TTreeReaderArray with std::vector<objects> within a split "Event" Tree

malfonsi79 · December 10, 2015, 12:52pm

Dear ROOTers,

I am trying to use (ROOT 6.05/03/somecommit, but also colleagues using 6.04 releases) the TTreeReader facility with a data structure that resembles the “Event” class example (in split mode). For the purpose of this discussion the data can be simplified as follow (but I can provide a reduced data file if important):

// N.B. ClassDef macros present in all classes, here omitted for clarity

class Event : public TObject {
	// [...] Some stuff, but in particular:
	std::vector< Peak > peaks;
	std::vector< Interaction > interactions;
}

class Peak : public TObject {
	// [...] This is a large object with a lot of basic data types e.g.:
	Float_t area;
	// ... but also another, nested vector (N.B. This is NOT further split in the current version of the TTree)
	std::vector< ReconstructedPosition > reconstructedposition;
}

class Interaction : public TObject {
{
	//Only basic data types, in particular:
	Int_t s2; //index of the related element within the "peaks" vector
}

//the class ReconstructedPosition has only basic data types

All these class definitions are contained in “classes.{hpp|cpp}” files that are provided together with the root files. I compile them in a library “classes.so” once forever in a separate root session with ’ gSystem->CompileMacro(“classes.cpp”,“kf”,“classes”) '. Then I use ’ gSystem->Load(“classes.so”) ’ to load the library just after starting the root session.

Then I access the data with a compiled script (via “.L myscript.cc++”) that looks like:

TTreeReader myreader(tree);
TTreeReaderArray<Interaction> interactions(myreader,"interactions");

// EACH TIME ONLY ONE OF THE 3 OPTIONS BELOW:
TTreeReaderArray<Peak> peaks(myreader,"peaks");                    //--> OPTION 1
TTreeReaderArray<Float_t> areas(myreader,"peaks.area");            //--> OPTION 2
TTreeReaderValue< std::vector<Peak> > peaksvec(myreader,"peaks");  //--> OPTION 3

//THEN I ACCESS THE OBJECTS E.G. WITH
while ( myreader.Next() ) {
	for (const auto& interaction : interactions) {
		cout << "S2 id " << interaction.s2 << "\t\t area " 
		//	   << peaks[interaction.s2].area << endl;   //--> FOR OPTION 1
		//	   << areas[interaction.s2] << endl;        //--> FOR OPTION 2
		<< (*peaksvec)[interaction.s2].area << endl;     //--> FOR OPTION 3
	}
}

I observe that the TTreeReaderArray has no problem to iterate over the “Iteration” vector, while with “Peak” it starts to get garbage after some event, so I have to stick to OPTION 3.

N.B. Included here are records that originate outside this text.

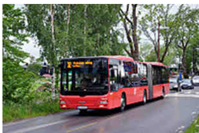
Stadtlinie vom Campingplatz

Weil es hier auf dem "Bogstad-Camping" so angenehm war, legten wir noch einen Tag zu zwecks Besichtigung der Hauptstadt. Der Bus hält direkt vor dem Camp und brachte uns schnell ins Stadtzentrum. Stockholm, Helsinki und jetzt Oslo, fehlt nur noch Kopenhagen und wir haben sie wenigstens gesehen, die wichtigsten skandinavischen Hauptstädte, jede für sich ein sehenswertes Juwel.
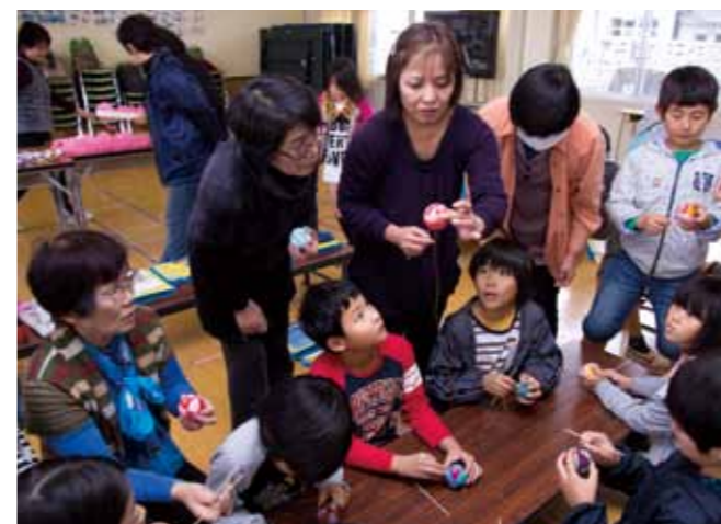
まりの作り方を教える講師の話を熱心に聞く児童
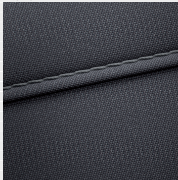
Pica®, Origo® Sedili in tessuto nera
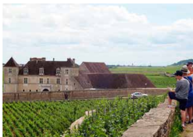
Het wijnkasteel van Vougeot.

Langs een snoer van wijndorpijjes volgen we de bordjes van de Route des Grands Crus richting Beaune , onze laatste cultuurstop. In het stadshart pronkt Les Hospices, een middeleeuwse liefdadigheidsinstelling uit 1443. Dit Hotel-Dieu was een hospitaal voor de armen dat pas rond 1960 zijn deuren sloot. Terug op straat werpen we een laatste blik op de daken van bontgekleurde geglaazuurde pannen, die zo typisch zijn voor de streek rond Dijon.
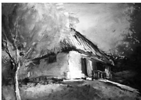
42. kép: Németh Ida: Oszkói utca, 2014; 43. kép: Németh Ida: Oszkói pince, 2014

Q1) Am I doing something wrong or is there a bug with TTreeReaderArray (probably known… I found this report sft.its.cern.ch/jira/browse/ROOT-7581) ?

Q2) Is a “linkdef” file, with the directives to generate dictionaries for all the std::vector, required at the moment of the compilation of the “classes.so” library? Would this actually solve my problem? (However I don’t get any hint message during compilation)

Q3) Is actually OPTION 2, i.e. accessing to a sub-branch of vector of objects, supported? The documentation is not really explicit… I tried, and it worked … for few events just like option 1 (at the beginning I thought that the problem was with option 2). If option 2 is not supported, it seems to me that option 1 entails some extra I/O cost due to the reading of the whole object… am I wrong?

Q4) The workaround of OPTION 3 works, but seems even more expensive in terms of I/O because you have to load the full vector of objects… can you comment on that?

Some other generic but related questions:

Q5) Has in general this TTreeReader approach some (non-negligible) overhead over the old way of manually “SetBranchAddress()” or even GetEntry() on single branches instead of the full tree?

I would like to benchmark the different approaches, and benchmarks are always a bit tricky with the details. Q6)Can I follow the example of $ROOTSYS/test/MainEvent.cxx with the TStopwatch class? Any other detail that can matter?

Q7) In the documentation TClonesArray is described as superior in terms of performance over other arrays of objects. Still it seems to me (I can be wrong) that std::vector is preferred by most of the people and I wonder if, due to the large number of users, you optimised the I/O of std::vector and TClonesArray is not a must.

Thanks in advance for going through this big bunch of questions,
Matteo

pcanal · December 10, 2015, 9:13pm

[quote]Q7) TClonesArray[/quote]The advantage of TClonesArray is mainly in memory management. Part of the gap is bridge with the appearance of emplace_back. The main difference is that the object in a TClonesArray can be constructed just once and are not destructed until the end of the TClonesArray (where as when you down-size an array the extra object are destructed and need to be reconstructed). So in very high turn-around situation (like reading many times the ‘same’ TClonesArray from a TTree [each for a different entries]) the number of calls to constructor and destructors can be staggering high and reduce the performance.

[quote]Q6) TStopwatch[/quote]Yes or you can use std::chrono.

[quote]Q5) TTreeReader overhead[/quote] yes there is an overhead (which is a trade off for safety). The overhead should be relatively small (a few additional if statements during the branch access) and highly dependent on the TTree and use pattern.

[quote]Q4) Option 3 overhead[/quote]Yes, assuming the vector has been split, you are correct.

[quote]Q3) Is actually OPTION 2, i.e. accessing to a sub-branch of vector of objects, supported? [/quote]Yes if the vector is split.

[quote]I tried, and it worked … for few events [/quote]If it does not work for all event there is (of course ) a problem that still need to be addressed. It may or may not be the same as the one you mention in Q1. We would need a running example to investigate.

[quote]Q2) Linked and STL[/quote]The dictionary for STL collection used inside a class which has a dictionary is generated automatically as part of the class’ dictionary.

Cheers,
Philippe.

malfonsi79 · December 11, 2015, 10:34am

Dear Philippe,

thanks a lot for your answers. Just a confirmation:

is a typo or do you really mean that the overhead is NOT SMALL?

BTW I will prepare a code snippet and a short data file that focus on the issue.

pcanal · December 11, 2015, 8:19pm

Hi,

There was indeed a typo in my sentence about overhead (I updated the post). The overhead should be small or negligible.

Thanks,
Philippe.